Ending these waivers would tighten global oil supply, potentially supporting crude prices. For energy traders, this signals a possible reduction in Russian crude flows, which could widen the Brent-WTI spread as Brent, the global benchmark, becomes more sensitive to supply disruptions. The spread already reflects geopolitical risk, and a tighter market could push it wider. Additionally, reduced Russian supply may boost crack spreads—the difference between crude and refined product prices—as refineries compete for alternative feedstocks. The U.S. Strategic Petroleum Reserve (SPR) currently stands at around 370 million barrels, providing a buffer but limited capacity for sustained intervention. Meanwhile, OPEC+ spare capacity, primarily held by Saudi Arabia and the UAE, could be deployed to offset losses, but coordination with Russia remains a key variable. China's marginal demand, as the world's largest crude importer, will also influence price direction; any slowdown in Chinese economic activity could dampen the impact of tighter Russian supply. Market structure may shift from contango to backwardation if supply tightens quickly, incentivizing immediate consumption over storage. NowPrice's real-time fuel quotes provide the latest price levels for traders monitoring these developments.

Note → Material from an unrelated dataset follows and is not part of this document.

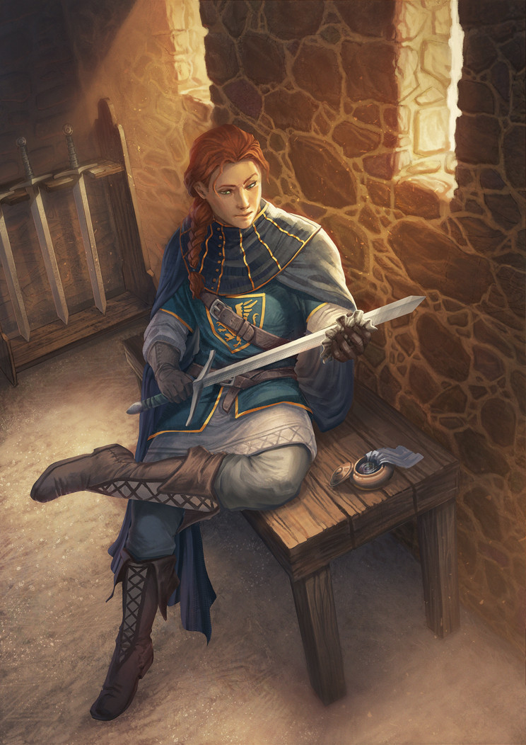 Al momento di creare il proprio guerriero, un giocatore dovrebbe pensare a due elementi relativi al background del suo personaggio dove ha ricevuto il suo addestramento marziale e cosa lo distingue dai comuni combattenti attorno a lui? Era particolarmente spietato? Ha ottenuto un aiuto particolare da un mentore grazie alla sua straordinaria dedizione? Cosa lo ha spinto a cercare questo addestramento? Cosa lo ha spinto a cercare questo addestramento? Una minaccia alla sua terra natia, il desiderio di vendicarsi o la necessità di dimostrare il suo valore sono tutti fattori plausibili. Un guerriero può avere ricevuto un addestramento formale nell'esercito di un nobile o in una milizia locale. Forse si è addestrato presso un'accademia di guerra, studiando strategie, tattiche e storia militare. O forse si è fatto da solo, senza beneficiare di un addestramento raffinato, ma facendo buon uso delle sue esperienze. Ha impugnato la spada per sfuggire ai limiti di una vita da contadino, oppure porta avanti un'orgogliosa tradizione familiare? Dove si è procurato le sue armi e la sua armatura? Gli sono state fornite dall'esercito, sono cimeli di famiglia o forse le ha acquistate tirando la cinghia e usando i risparmi di molti anni? Le sue armi ora sono le sue proprietà più preziose... le uniche cose che separano il guerriero dall'abbraccio della morte.

Market participants will watch for the Treasury's formal decision on the waivers, which could come within weeks. Any announcement will likely impact crude futures and refined product margins, especially in regions dependent on Russian oil imports, such as India and parts of Europe. Traders should also monitor OPEC+ responses and any compensatory supply adjustments, as well as the potential for the U.S. to release additional SPR barrels to calm prices. The interplay between sanctions enforcement and global supply dynamics will be critical for near-term price volatility.